Look for the dollar to gain stability going into the FOMC meeting on December 17. “The dollar could bounce back against some of the currencies that have been doing particularly well, like the euro and sterling, going into the FOMC, as markets cut back on risk,” said Vassili Serebriakov, FX strategist at BNP Paribas.
The dollar had been trending in a descending channel as major peers, particularly the euro, ripped higher. However, the dollar got a boost after the positive retail sales data, which suggest consumer spending is still happening and was the best November print in two years.

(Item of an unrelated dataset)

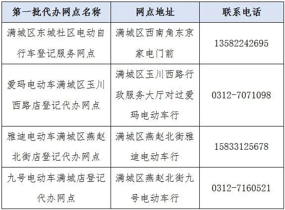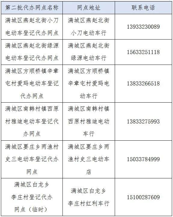 为方便群众就近办理电动自行车登记上牌业务,自2022年5月6日起,满城区启用第二批电动自行车登记上牌代办服务网点,现公布如下:
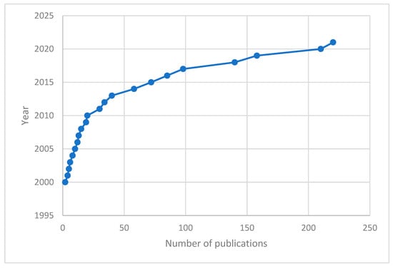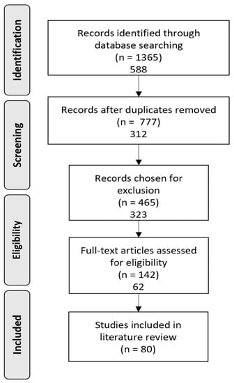 The initial literature search generated 1365 articles. Following screening, to remove irrelevant articles, duplicates, and literature outside the scope of this research, the relevance and area of the research were considered (Figure 1). The final articles (n = 80) chosen for inclusion in this study are shown in full classification (Table 1). The number of publications relating to responsible sourcing and green supply chain management has increased over the last decade with 68% of articles within this study being post–2010 (n = 54) and all articles chosen for this study were published post–2000 (Figure 2). The articles were primarily journal articles (n = 63) with the remaining articles noted as conference papers and book chapters (n = 17). The top ten cited articles included in the study are shown in Table 2. The top publications totals 31,262 previous citations.

The momentum looks to be changing with the ADX above 20 and a potential +/-DMI bullish crossover. However, price action is pushing against some price action resistance at 80.33. The 50 EMA also adds dynamic resistance. If the dollar can close above resistance, an upside target of 80.51 could come in the next session or two.
If resistance holds up, look for the dollar to trade lower to 80.08 with the top of the broken channel to become the new support.
Although the dollar is up in consecutive sessions, sentiment in the dollar is still an enigma. The budget bill will be voted on Friday, reportedly. A rejection can increase volatility.